The proposed rule, issued last summer by the Fed and other regulatory agencies, is intended to implement changes that were negotiated internationally after the 2008 global financial crisis. Among other things, the rule would require the largest banks — those with more than $100 billion in assets — to hold more funds in reserve to protect against bad loans and other potential losses.

Large banks, though, have resisted the proposal, known as the “Basel III endgame” and spearheaded by the Fed’s vice chair for supervision, Michael Barr. The banks argue that the proposal would limit their ability to lend and would exceed what is necessary to match the global rules.

Banks aren’t the only opponents of the proposal. The NAACP and some other civil rights groups have expressed opposition out of concern that the proposal would make it harder for Black and Hispanic Americans to obtain mortgage loans.

Powell, under questioning by the Senate Banking Committee during his semi-annual testimony to Congress, acknowledged that the proposal could potentially reduce mortgage lending.

“There is a risk like that, and we’re very focused on it,” he said.

On Thursday, Powell also repeated a comment he made to the House Financial Services Committee Wednesday, that the Fed will make “broad and material” changes to the proposed rule. He put a time frame on those changes Thursday: Powell said he expects that the Fed will reach consensus on the revamped proposal by the end of the year.

Separately, Powell also reiterated his comment from Wednesday that if inflation continued to fall back toward the Fed’s 2% target, which he expects, then the central bank would begin cutting its benchmark interest rate this year.

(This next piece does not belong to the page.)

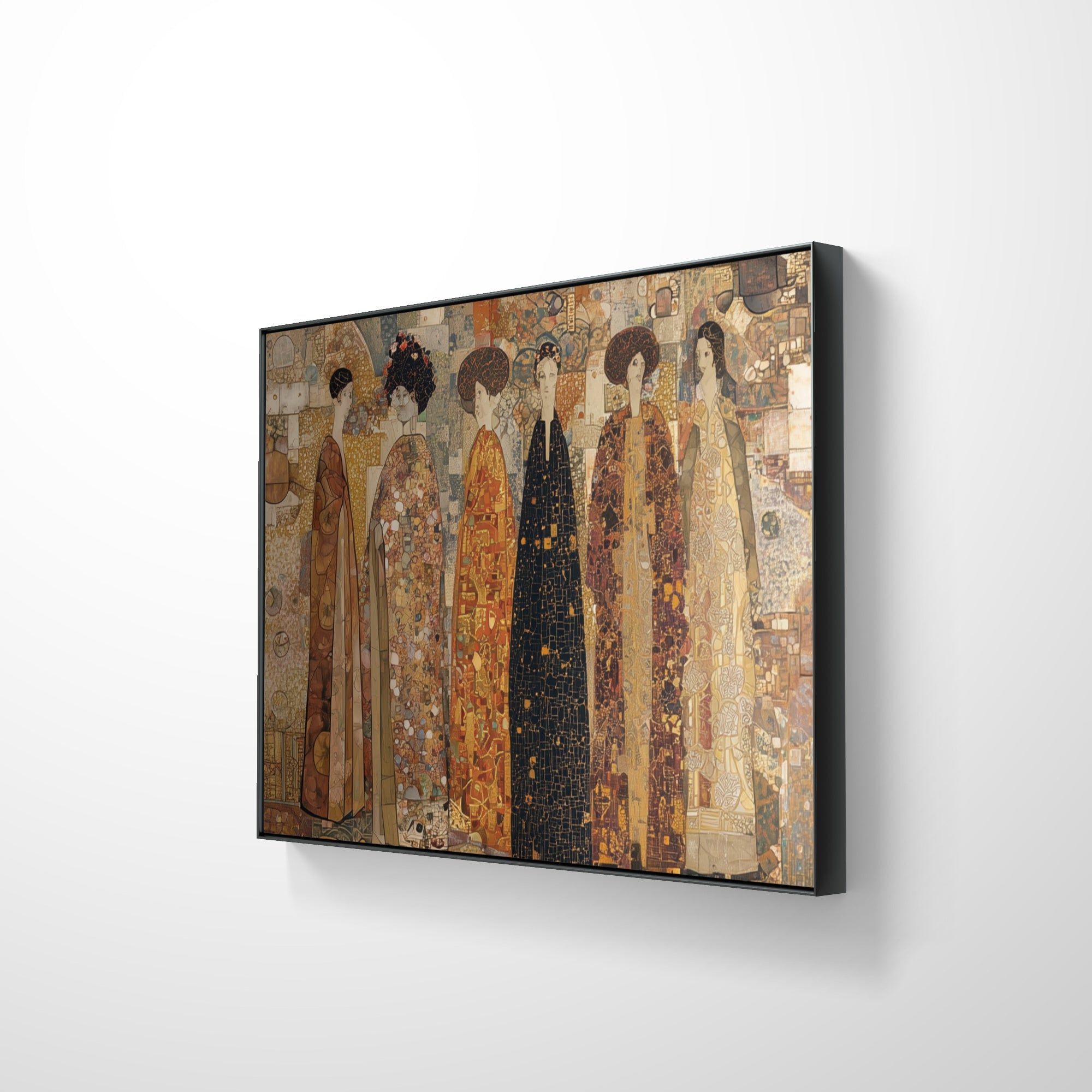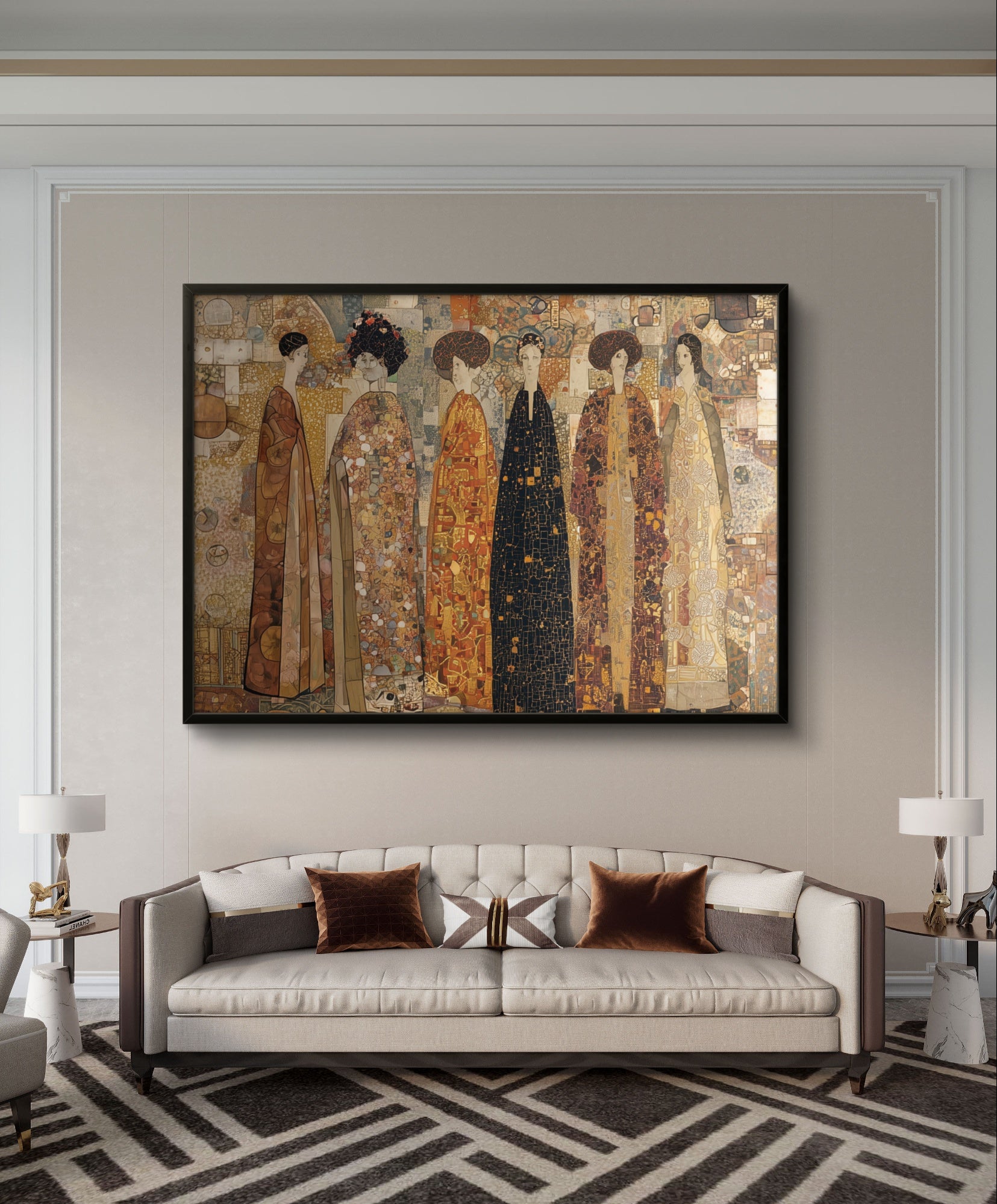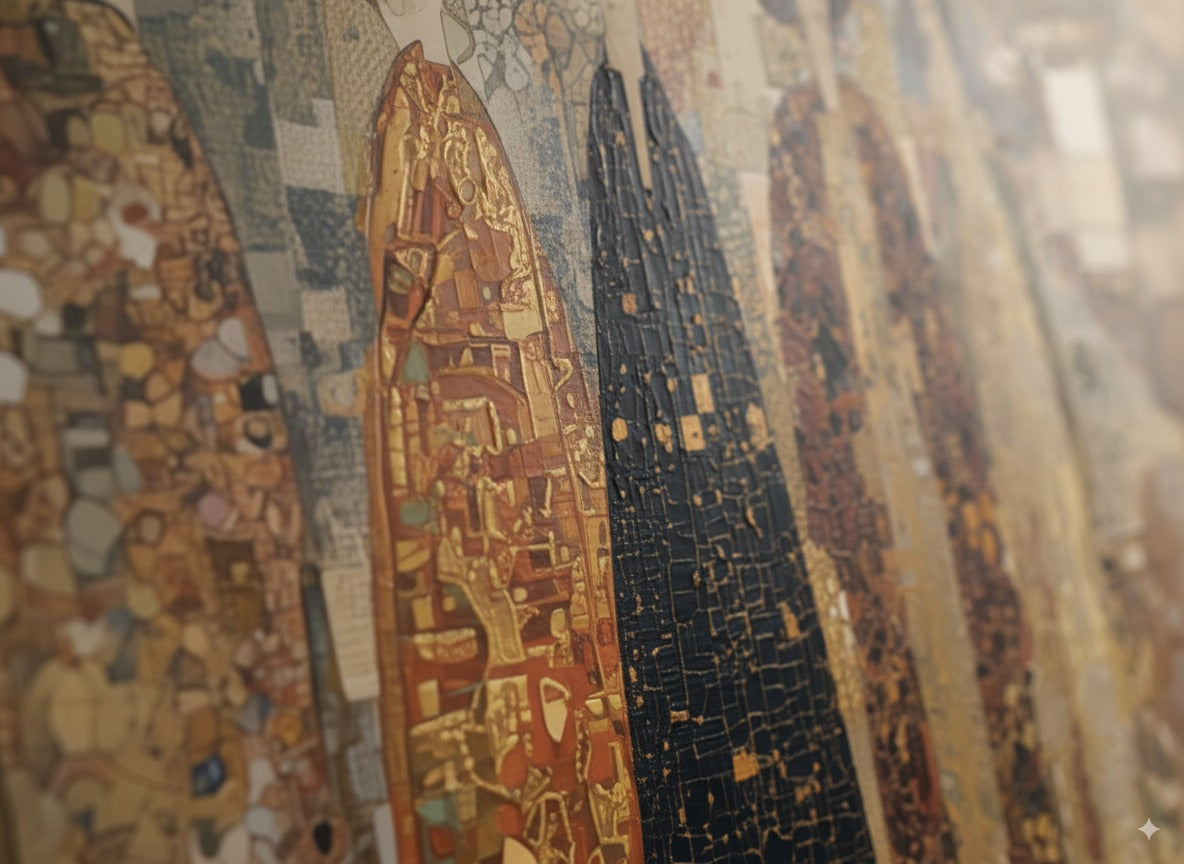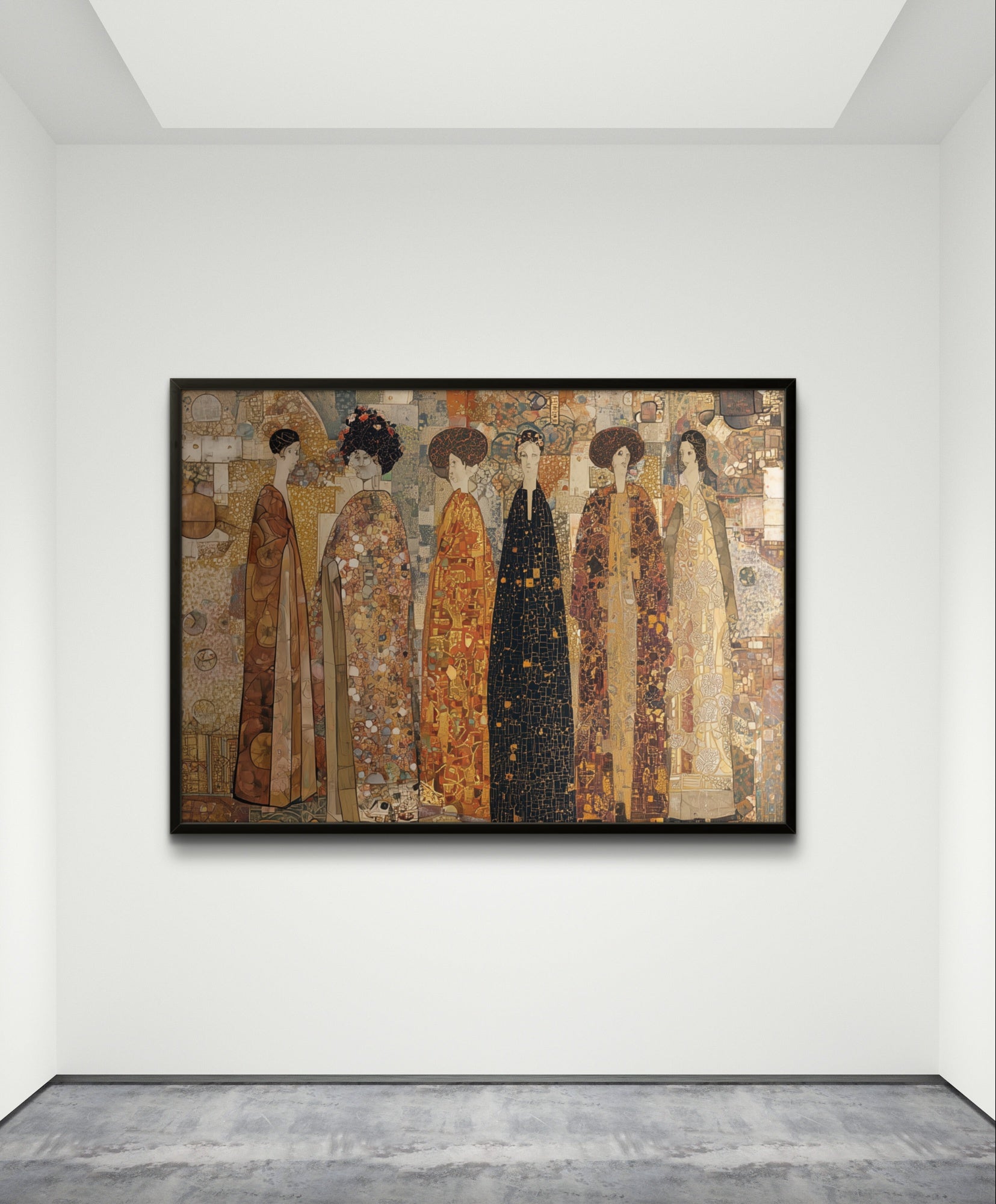 „The Imperial Gathering“ porträtiert eine Vision zeitloser Eleganz, in der sechs stattliche Figuren in kunstvollen, golddurchwirkten Gewändern stehen. Reich an Textur und Detail, erinnert diese Komposition an die Pracht kaiserlicher Höfe, die Würde der Tradition und die unvergängliche Schönheit erlesenen Erbes – perfekt für Interieurs, die Prestige und Kunstfertigkeit zelebrieren.

The Fed’s key rate, now at a 23-year high of about 5.4%, has led to much higher rates for mortgages, auto loans and credit card borrowing. Those higher borrowing costs have likely contributed to widespread public sourness about the economy, which poses a threat to President Joe Biden’s reelection bid.

“We’re waiting to become more confident that inflation is moving sustainably at 2%,” Powell said. “When we do get that confidence — and we’re not far from it — it’ll be appropriate” to implement rate cuts, “so that we don’t drive the economy into recession.”